Et ma premiere impression vis a vis du guide Yvan se confirme des la premiere journee. Un branleur en chemise hawaienne, qui en a plein le cul de son boulot et qui, etant natif de la Paz, ne pipe rien a la jungle. Bref il ne vaut pas un cachou, on va pas apprendre lourd, mais a 10 dollars par jour on ne peut pas demander la lune. c'est les autres qui devraient avoir mal au cul...
Parrallelement, il s'agit d'un groupe calme, 3 couples et moi, et il y a rien de plus chiant pour un guide.

Ici, le paisible hameau de Mayaya, ou j'ai passe 2 nuits lorsque je cherchais l'or a la riviere.
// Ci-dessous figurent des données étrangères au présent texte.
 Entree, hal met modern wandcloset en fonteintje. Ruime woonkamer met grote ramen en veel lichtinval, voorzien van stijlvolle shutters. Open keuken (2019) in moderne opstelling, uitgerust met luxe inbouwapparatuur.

Sympa mais j'y passerai quand meme pas un mois, la "formule week end" m'allait tres bien.

 

Des le 1er soir, c'est l'apartheid (comment ca s'ecrit ca?), les 7 gringos mangeons ensemble autour d'un feu, tandis que Dona Glawdys, le guide et les 3 hommes du bateau mangent de leur cote. Autant vous dire que le contexte est franchement detestable. Une nuit bien reposante vient arranger tout ca apres la nuit en camion la veille.
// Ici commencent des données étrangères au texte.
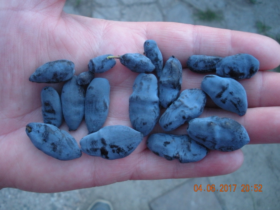 А это - почти весь первый урожай 4-х сортов жимолости съедобной

Le deuxieme jour, on demonte le campement sur cette sympathique plage deserte, puis on recommence a "cruser" le matin, avec le bruit du moteur pour nous bercer en continu. Seule interruption lorsqu'on observe des perroquets niches dans les falaises, ainsi qu'un caipiri qui s'abreuve entre deux siestes. Un peu dur a decrire l'engin, on dira que c'est mi chien, mi marmotte...
Arrivee a 11h chez la communaute del Carmen ou l'installe jusqu'au lendemain. Il s'agit d'une communaute de 8 familles vivant en quasi autarcie, seul l'huile, le sucre et les habits sont achetes dans les villes "voisines".

La cuisine gentiment pretee par le village, un veritable musee avec de tout et de n'importe quoi...

 


Marche dans la jungle environnante l'aprem avec Pedro, un vrai guide local qui nous presente les vertues de quelques ecorces d'arbres, avant de passer a la peche au piranha. Pas grand chose a dire a ce sujet, seuls 2 piranhas ont ete sortis, pas un seul pour moi et c'est pas faute de leur avoir donner de la viande a ces cons la! Notre accompagnateur Yvan nous a suivi les 100 premiers metres avant de rebrousser chemin, pretextant un furoncle au cul...
Le soir, petit foot avec les locaux de tout age,et je souligne meme la presence de 2 femmes qui joue tres bien, n'ayant vraiment peur de rien. Elles y mettent la niffle, la tete, et leurs pieds nus, bloquant les attaquants adverses qui jouent en crampons! Hallucinant!

Tchao Pedro! Il est vraiment adorable, et j'y souhaite de trouver rapidement une femme, meme si niveau rencontre, c'est pas evident la ou il vit.

Le dernier jour, une belle ballade avec notre guide a 1 peso,  remis de son furoncle et cavalant comme un furieux. Brog et moi preferons fermer la marche loin derriere avec un des boteros qui en connait deja plus sur la nature. L'apem, une baignade bien rafraichissante dans des bassins naturels, suivi de la traversee du parc National Mapiri toujours en bateau. Arrivee a destination (Rurrenabaque) en fin de journee, aussi con qu'on pouvait l'etre le matin au reveil: pas la moindre info au sujet du parc et de ses environs.